In the dream I couldn’t see myself. I seemed to have no limbs, no substance at all, and yet I could see all around me quite clearly. Then I hit upon the idea that if I could fly in a quick enough circle I might catch a glimpse of myself from behind. I tried it, but no matter how fast I moved it didn’t work. So I tried other aerial manoeuvres, weaving and dodging and doubling back on myself. It was then that I realised what I was doing. It was the strange and complex dance of a beguiler.

I woke with a gasp, fighting for breath. The chuffies had rearranged themselves while I slept and one of them was draped over my face. I shoved him off and struggled against the combined weight of the others until I was able to sit up. It didn’t help. I had entered into a full scale asthma attack and I was fighting for every breath.

The chuffies rolled lethargically as I pushed them away, replete with the sorrow that they had removed from me.

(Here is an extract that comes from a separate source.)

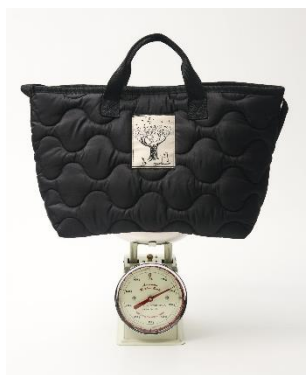
▲りんごより軽い約210g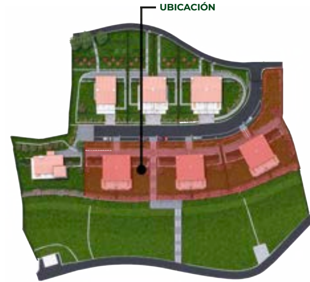
VIVIENDA PAREADA 3 VIVIENDA 9C (9B, 9D, 9E, 9F, 9G)

One or two of them complained sleepily, but few of them even opened an eye. I pulled my shawl from underneath them and began to head slowly and painfully uphill away from their presence and towards safer air. Every few steps I had to stop and wait for a while until I painfully accumulated enough breath to go on. But I didn’t put down my bundle until I had put a sufficient distance between myself and the chuffies. Then, at the edge of what appeared to be a large clearing in the druze, I sank down to my knees and closed my eyes.

I was accustomed to dealing with my attacks on my own. Once I was beyond the baby stage, my mother had seldom had time for them. It wasn’t that she was any more indifferent or unkind than anyone else; just that mothers in our village didn’t have to learn the skills of comforting their children. That was what chuffies were for, after all. And if I was allergic to chuffies, it was my misfortune. My mother did what she could, but it was limited.

So I did what I always did and that was to stay still, concentrate on my breathing, and wait. I don’t know how long it took that night, but by the time the attack began to ease off the darkness was faltering and turning blue, giving way to dawn. I looked around me and what I saw took my attention away from my discomfort. I was not, after all, on the edge of a clearing. Without knowing it, without even intending to, I had made my way out of the druze. Above me was the snow-line, with the peak of the mountain rearing away, a paler blue than the sky beyond it. Over its right shoulder, barely visible in the dim light, I could see the shifting vapours of the cloud mountain. The last of the congestion eased from my lungs, and at the same time I got my bearings in relation to the lie of the land around me. I couldn’t have emerged from the druze at a better spot. A hundred yards to my right was the edge of the trading route which led through the pass towards the sea.

CHAPTER FIFTEEN

T
HE SUN ROSE AND
lit the brilliant snows of the pass and the mountain peak beside it. The lightness in my heart was a far more energetic and positive feeling than the sort of smug complacency that the chuffies usually leave behind them after their work. It was the happiness of perseverance rewarded and it brought with it a new optimism for the journey ahead. Now that the asthma attack had passed, my appetite returned with a vengeance. I ate three small jubs, a double handful of squishy puffberries and I kept out a whole whisker-fruit to chew along my way.